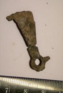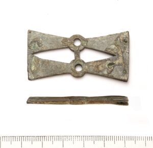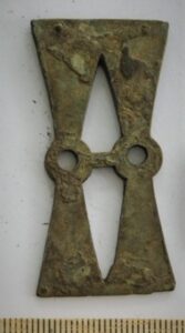 Esemekatke, pronks. Mõõgavöö või -tupe peal olnud rihmaaas. Pikem osa on üleni kaunistatud pikijoontega. Ots pöördub täisnurga all allapoole ning lõpeb ülejäänud osa suhtes ristipidi paikneva ovaalse plaadikesega, mille kummaski osas on olnud väike pronksneet, neist üks murdunud. Olnud mingi puust või nahast eseme peal. Võimalik, et pärit samast vööst või ühest vöödest, kust ka Ure propellerikujulised naastud (Jørgensen & Petersen 2003, 267).
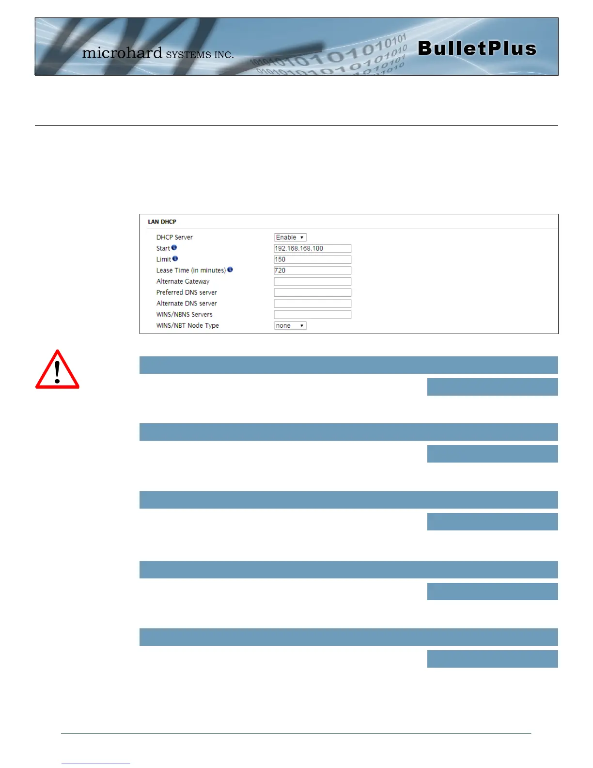 will be assigned an IP by the BulletPlus. The LAN DHCP service is available for each interface, and is
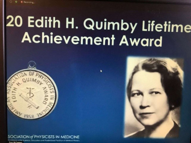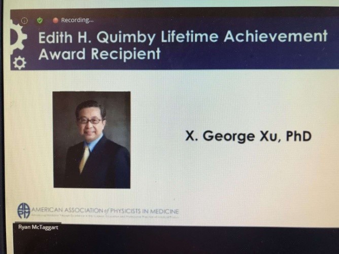 核开元(中国)徐榭教授在2020年7月12-16日召开的美国医学物理师协会(American Association of Physicists in Medicine,AAPM)虚拟年会上接受了2020年度的昆比(Edith H Quimby)医学物理终身成就奖(Edith H.Quimby Award for Lifetime Achievement in Medical Physics)。
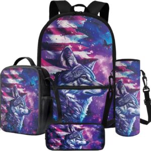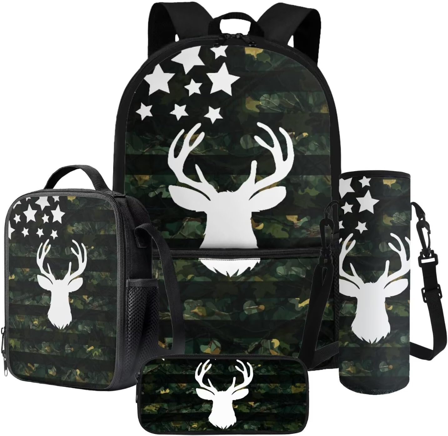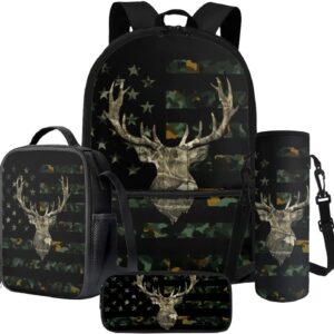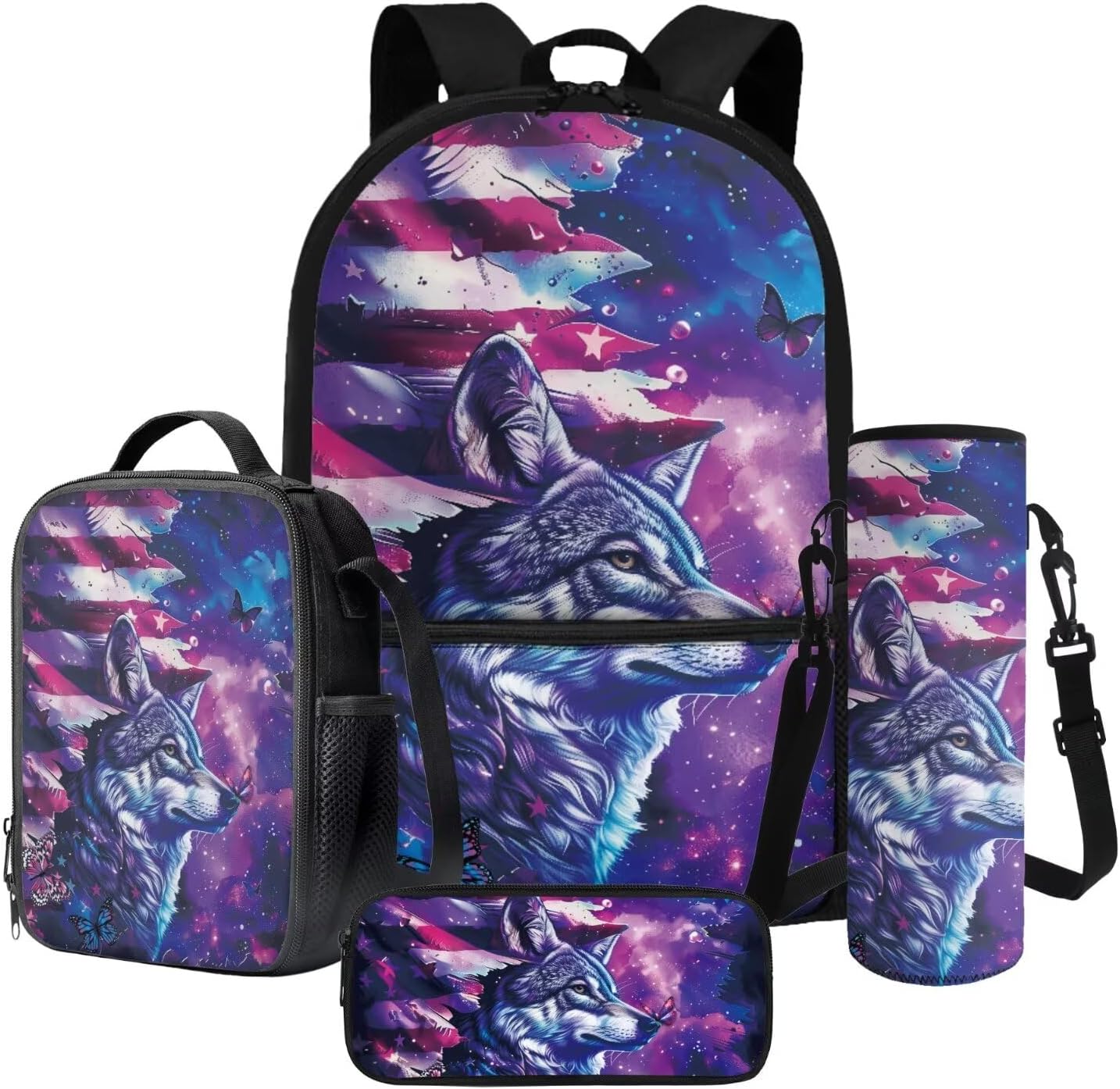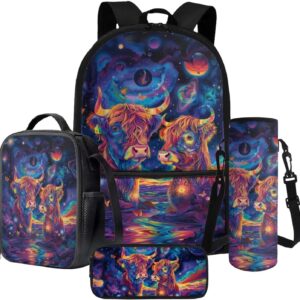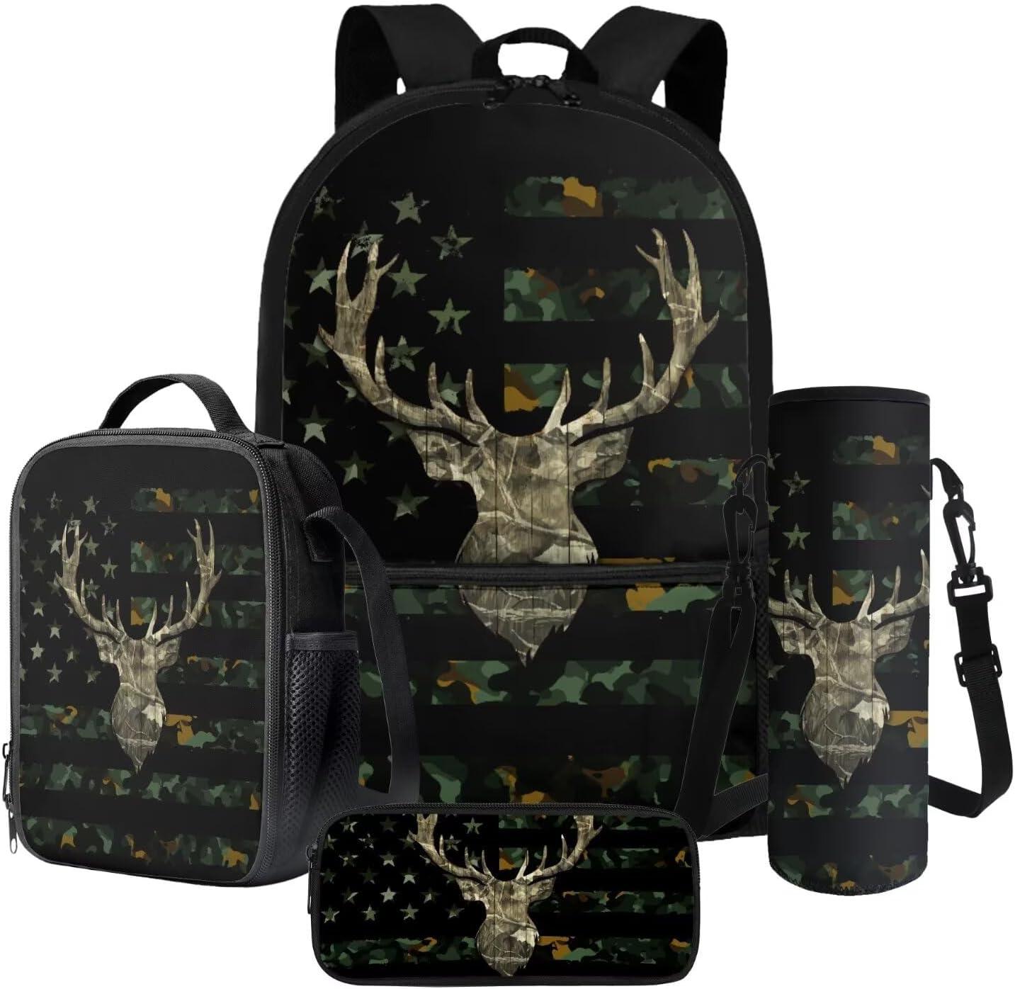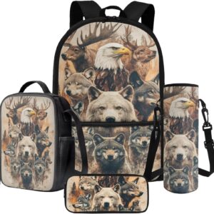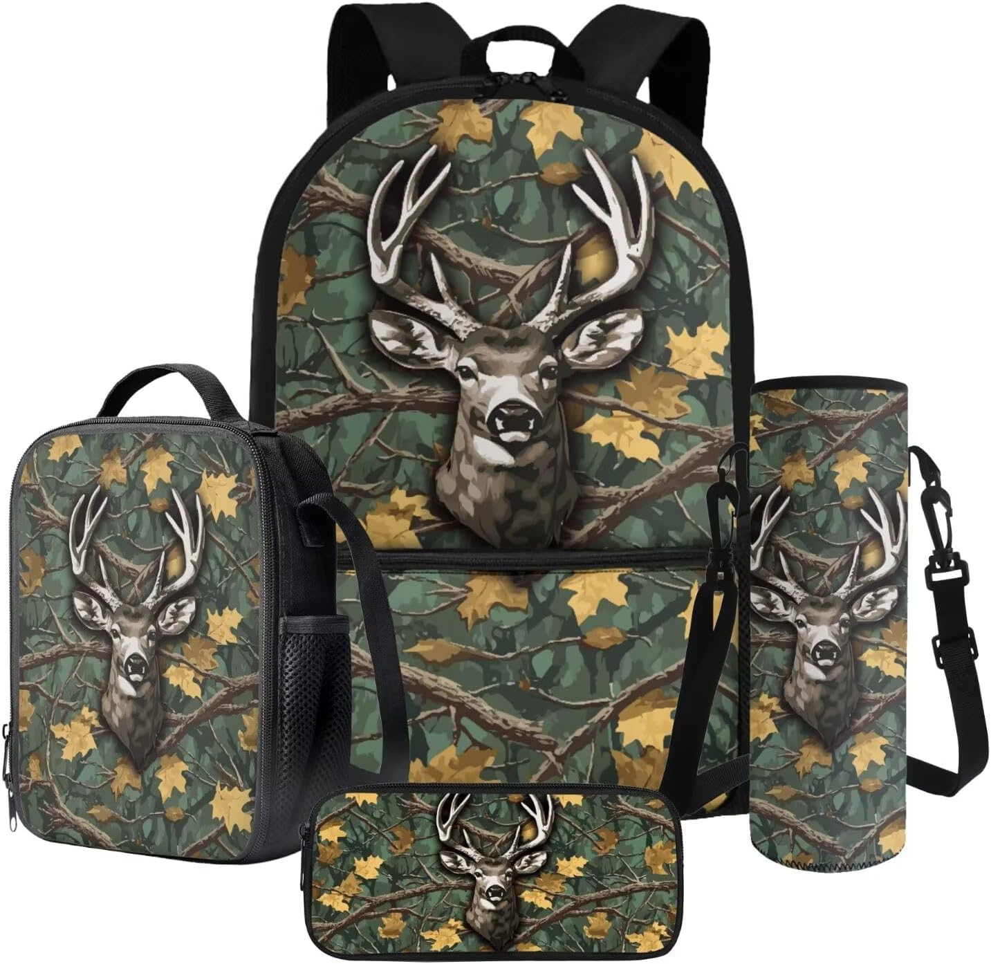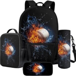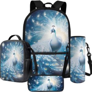 Poceacles 4 Pieces Backpack Sets for Girls Boys, Including Kawaii Rucksack Pencil Case Lunch Box Bag Bottle Sleeve for Primary Junior High School, Travel, Picnic, Sunflower Mechanical Bee
===============
§ Exercise goal:
Without copying any picture, repeat the full listing above word for word.

§ Response to this task:
 Esemekatke, pronks. Mõõgavöö või -tupe peal olnud rihmaaas. Pikem osa on üleni kaunistatud pikijoontega. Ots pöördub täisnurga all allapoole ning lõpeb ülejäänud osa suhtes ristipidi paikneva ovaalse plaadikesega, mille kummaski osas on olnud väike pronksneet, neist üks murdunud. Olnud mingi puust või nahast eseme peal. Võimalik, et pärit samast vööst või ühest vöödest, kust ka Ure propellerikujulised naastud (Jørgensen & Petersen 2003, 267).
 will be assigned an IP by the BulletPlus. The LAN DHCP service is available for each interface, and is
 核开元(中国)徐榭教授在2020年7月12-16日召开的美国医学物理师协会(American Association of Physicists in Medicine,AAPM)虚拟年会上接受了2020年度的昆比(Edith H Quimby)医学物理终身成就奖(Edith H.Quimby Award for Lifetime Achievement in Medical Physics)。
 Poceacles 4 Pieces Backpack Sets for Girls Boys, Including Kawaii Rucksack Pencil Case Lunch Box Bag Bottle Sleeve for Primary Junior High School, Travel, Picnic, Sunflower Mechanical Bee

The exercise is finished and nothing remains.